Today, the same principle is enabling surgeons in a variety of professions to enhance results and minimise the risk of problems caused by technical inadequacies. The application of navigation technology in the field of knee and hip replacement surgery has improved the already excellent outcomes of this procedure.

Mechanical engineering and medical expertise are used in joint replacement surgery. The most crucial part of the knee and hip joint replacement surgery is restoring the leg’s mechanical alignment. During surgery, the surgeon analyses the angle of deformity, the wear of the joint surfaces, the size of damaged or diseased bones, and the state of the ligaments that provide joint stability. Until recently, the surgeon had to perform everything manually, with human error occasionally seeping in. If there is an imbalance in the positioning of the prosthetic joint components, they will wear out faster and fail sooner. Today, a well-done complete knee replacement with a high-quality prosthesis should last at least 12 to 15 years. The accuracy with which prosthetics are placed is likely to improve the results even further. Until this technology was available, surgeons had to rely on their psychomotor abilities, mechanical equipment, and their own judgement to insert prosthetic joint components.

Because it directs the surgeon through all of the procedures of surgery and even points out faults before they happen, the computer-guided method is also known as ‘Navigation.’ It functions in the same way as a satellite does, detecting signals from automobiles, boats, and other vehicles fitted with tracking systems. As the surgeon moves a device into the patient’s joint, the infrared camera determines its position, much like a GPS satellite, and then sends the information to a computer in the operating room. The computer then displays the instrument’s direction and position.

The computer directs the route of the instruments so that the part is installed in the best possible place. It also aids in the adjustment of ligament tension, which is critical for achieving a stable joint with a wide range of motion. It consists of a computer console, a touch screen display, and a handful of infrared cameras that track the leg’s and components’ positions. Dedicated tools with reflective trackers are used to register anatomical landmarks and provide data to the computer during surgery. The computer creates a bone model that helps the surgeon through practically every stage of the procedure. The steps’ precision has been enhanced to 0.5 degrees and one millimetre.
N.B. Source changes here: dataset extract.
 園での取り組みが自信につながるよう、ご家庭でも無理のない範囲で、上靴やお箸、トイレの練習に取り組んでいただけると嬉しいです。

Aside from enhancing the precision of bone cuts, the computer also aids in the restoration of soft tissue balance, which is essential for achieving the desired outcomes.
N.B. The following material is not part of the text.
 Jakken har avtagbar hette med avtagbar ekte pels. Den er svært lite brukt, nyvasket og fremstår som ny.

The application of such technology provides a number of additional advantages. The surgical cut may be kept small with a smaller incision and restricted soft tissue dissection since the computer controls the exact bone cuts. Today, the majority of advancements in the area of joint replacement surgery are in what is known as “minimally invasive surgery” (MIS). Knee and hip replacement in nonobese people may now be done via a 10- to 12-centimeter incision. Techniques have emerged that reduce or totally eliminate muscle injury, allowing patients to recover faster after surgery. Patients can stand and walk as early as the third day following surgery and can be released from the hospital as soon as the fifth day. The minimally invasive operation is made even easier with computer-assisted navigation.